- The Washington Times - Tuesday, March 30, 2004

Safeway and Giant grocery workers overwhelmingly approved a new labor contract yesterday, averting a strike set for today.

Under the four-year contract, they will pay more for some health care benefits and some new employees will be paid at a slightly lower rate, but workers will receive $1.25-per-hour pay raises spread over four years.

Negotiations continued until Monday, a day before yesterday’s midnight strike deadline, and were snagged primarily on who would pay for spiraling health care costs.

“The major sticking point is health care,” C. James Lowthers, president of United Food and Commercial Workers (UFCW) Local 400, said after the vote yesterday at the D.C. Armory. “You can’t solve this problem at the bargaining table.”

Giant and Safeway stores were closed from 7 a.m. to 3 p.m. yesterday during the vote. Afterward, they returned to their normal operating hours.

In the end, the potential for a disastrous strike by 28,000 grocery workers in the Washington and Baltimore areas compelled management and the workers to reach an agreement, Mr. Lowthers said.

“The companies were aware of the potential losses they could take,” he said.

Safeway and two other grocery chains lost an estimated $2 billion during a 20-week strike in Southern California involving similar contract issues, according to industry analysts. It ended Feb. 29, when workers ratified a new agreement that granted them only some of their demands.

Concerns about a similar standoff overshadowed negotiations in Washington.

“I think it put pressure on the company and the workers,” Mr. Lowthers said. “I don’t think either side was interested in a repeat of what happened in Southern California.”

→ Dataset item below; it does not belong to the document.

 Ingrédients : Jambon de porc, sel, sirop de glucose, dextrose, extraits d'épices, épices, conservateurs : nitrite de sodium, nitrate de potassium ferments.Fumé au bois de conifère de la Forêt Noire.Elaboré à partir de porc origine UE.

Said Teresa Murgin, a meat department worker at a Giant store in Clinton: “I wish we’d done better, but I guess we have to take what we can get. It beats unemployment and being on strike.”

Workers will pay a $200 deductible for health care instead of the previous $100. They will pay as much as $4,000 for nondeductible medical expenses, up from $2,500.

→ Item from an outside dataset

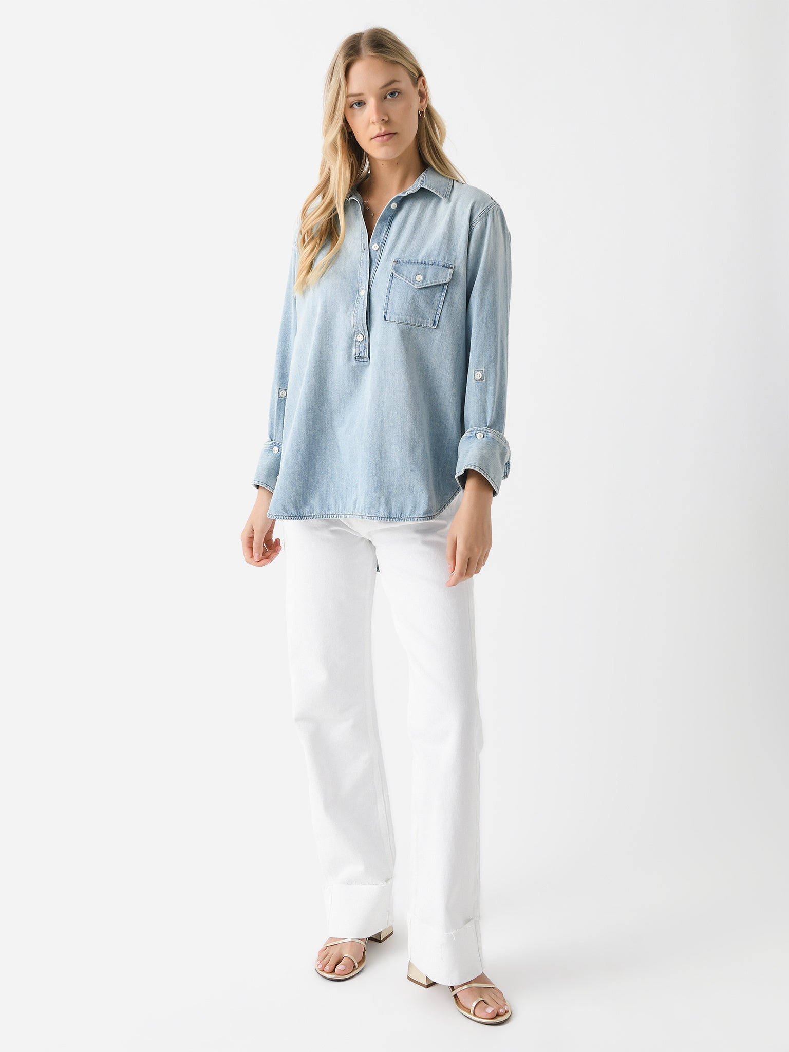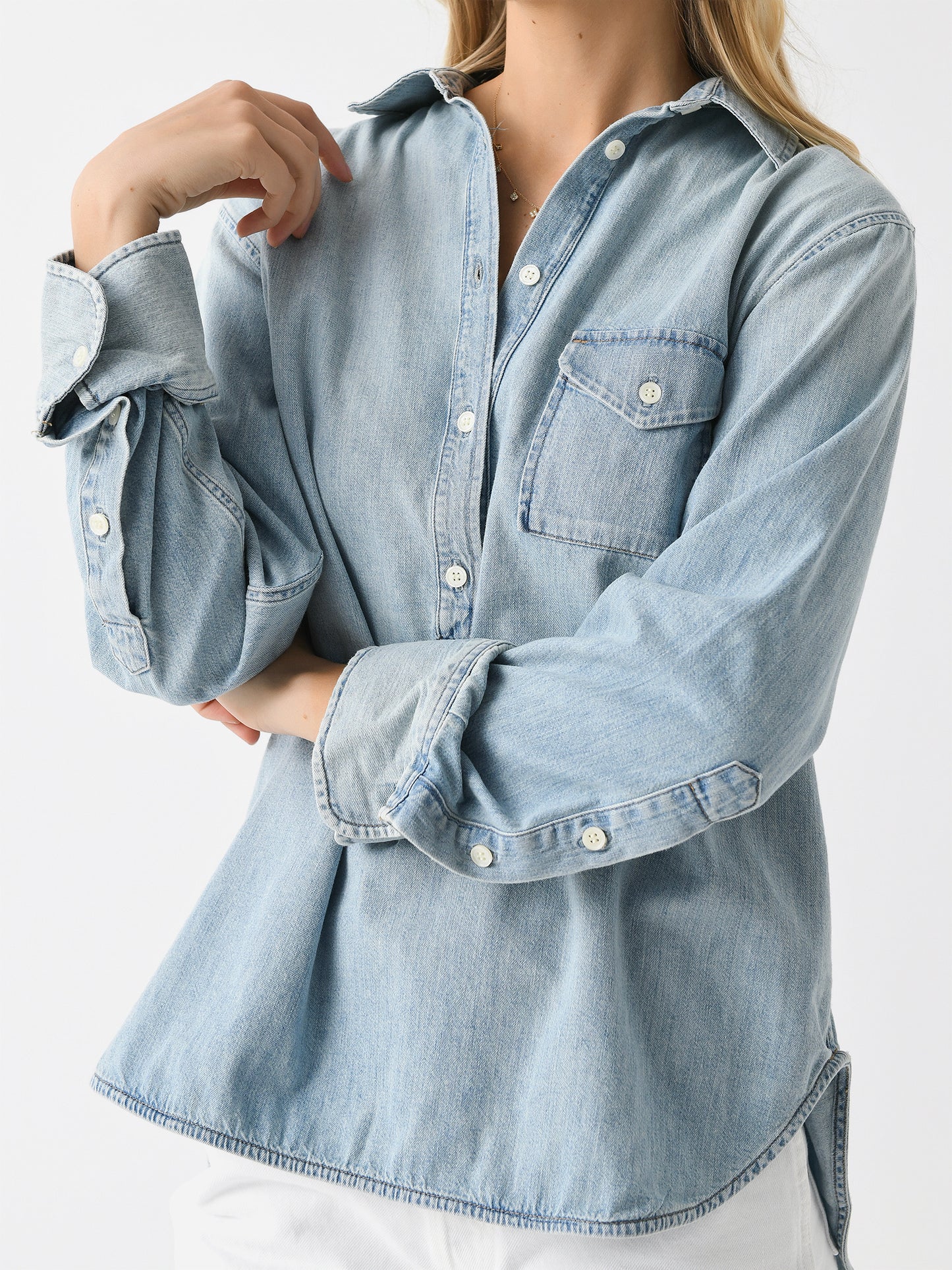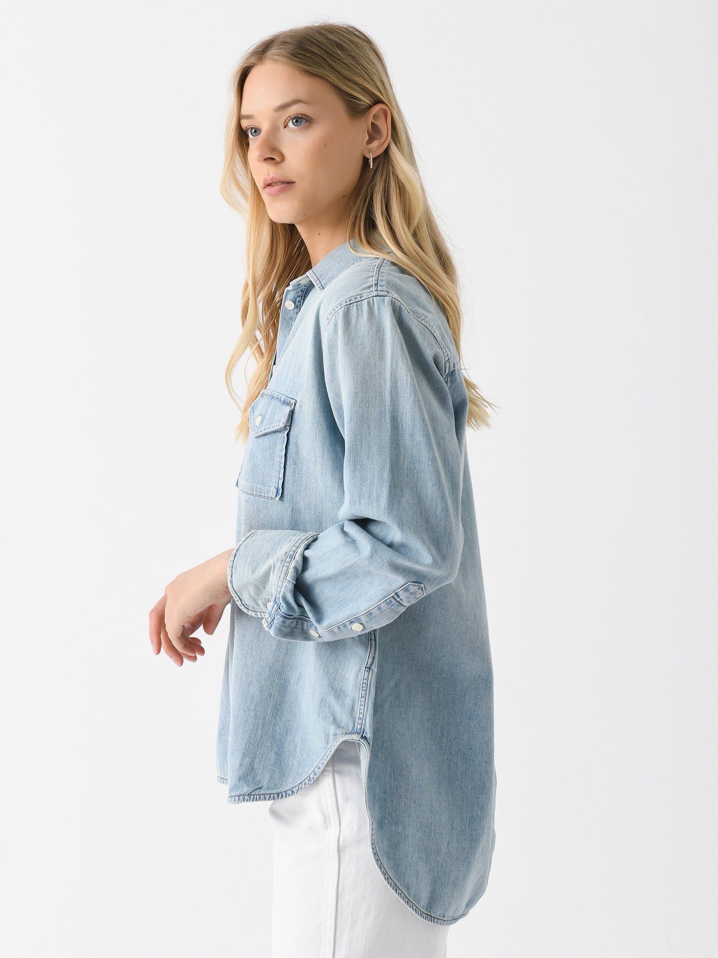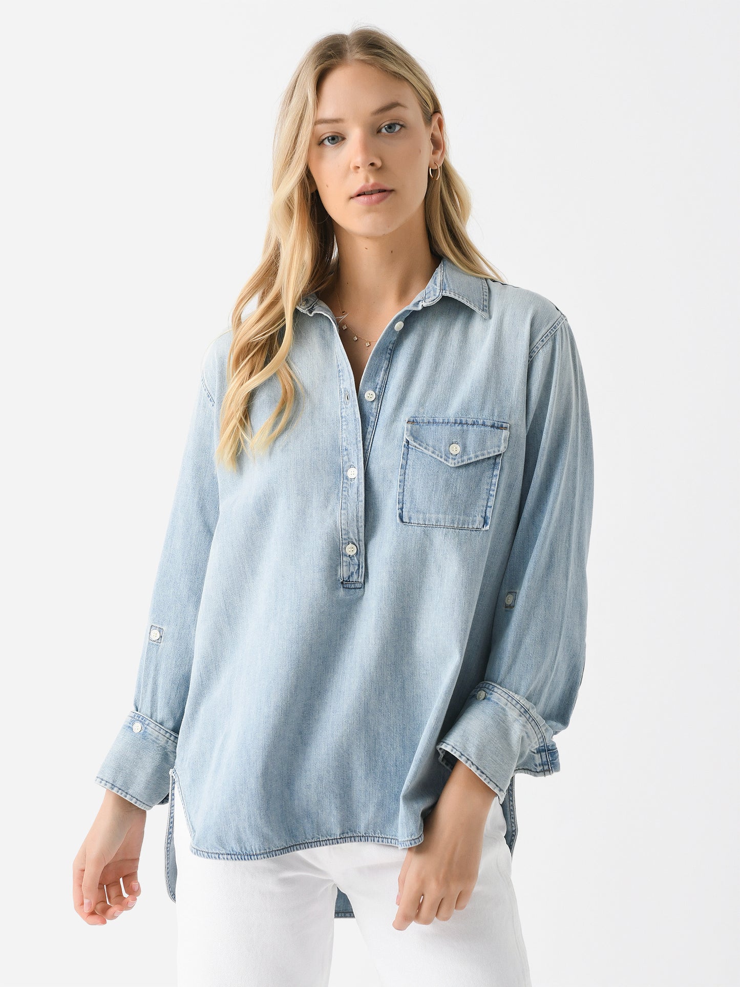A popover-style shirt made from breathable Japanese denim shirting fabric with a subtly roomy silhouette.

New employees will receive the time-and-a-half pay other workers already get for working Sundays and holidays after their fifth year of employment. They also will pay a $300 deductible for health care. The same family health-coverage benefits of experienced employees would begin for new employees after six years of service.

“The biggest gain that means the most to people is that the company will pay the full cost of benefit premiums for the next four years,” Mr. Lowthers said.

Premiums refer to the amount of money employees contribute toward health care and other benefits.

In addition, company pension contributions will increase from 15 cents per hour to 87 cents per hour.

Negotiators for Safeway Inc. and Giant Food LLC demanded wage and benefit concessions to be able to compete effectively against nonunion stores, such as Food Lion and Wal-Mart. They typically pay employees at lower rates than unionized groceries.

“The objective of these negotiations was to design ways of managing labor costs in response to the changing competitive realities of the retail food industry,” Harry Burton, chief negotiator for Giant and Safeway, said in a statement.

The votes at the D.C. Armory for Washington-area workers and the Maryland State Fairgrounds in Timonium for Baltimore-area employees were counted in rough numbers by employees standing to register their vote on the contract.

Of the roughly 7,500 Giant Food LLC workers who voted at the D.C. Armory, only about 200 stood against the agreement. Of the estimated 4,000 Safeway workers, only about a dozen stood to vote against it. All others stood in favor of the four-year contract.

Similar wide margins of approval were counted in Baltimore.

“I’m very well-satisfied with the very little that we had to give up,” said Louis Shapiro, a seafood clerk at a Giant store in Arlington. “We’re still very well paid for the industry. Nobody wins in a strike.”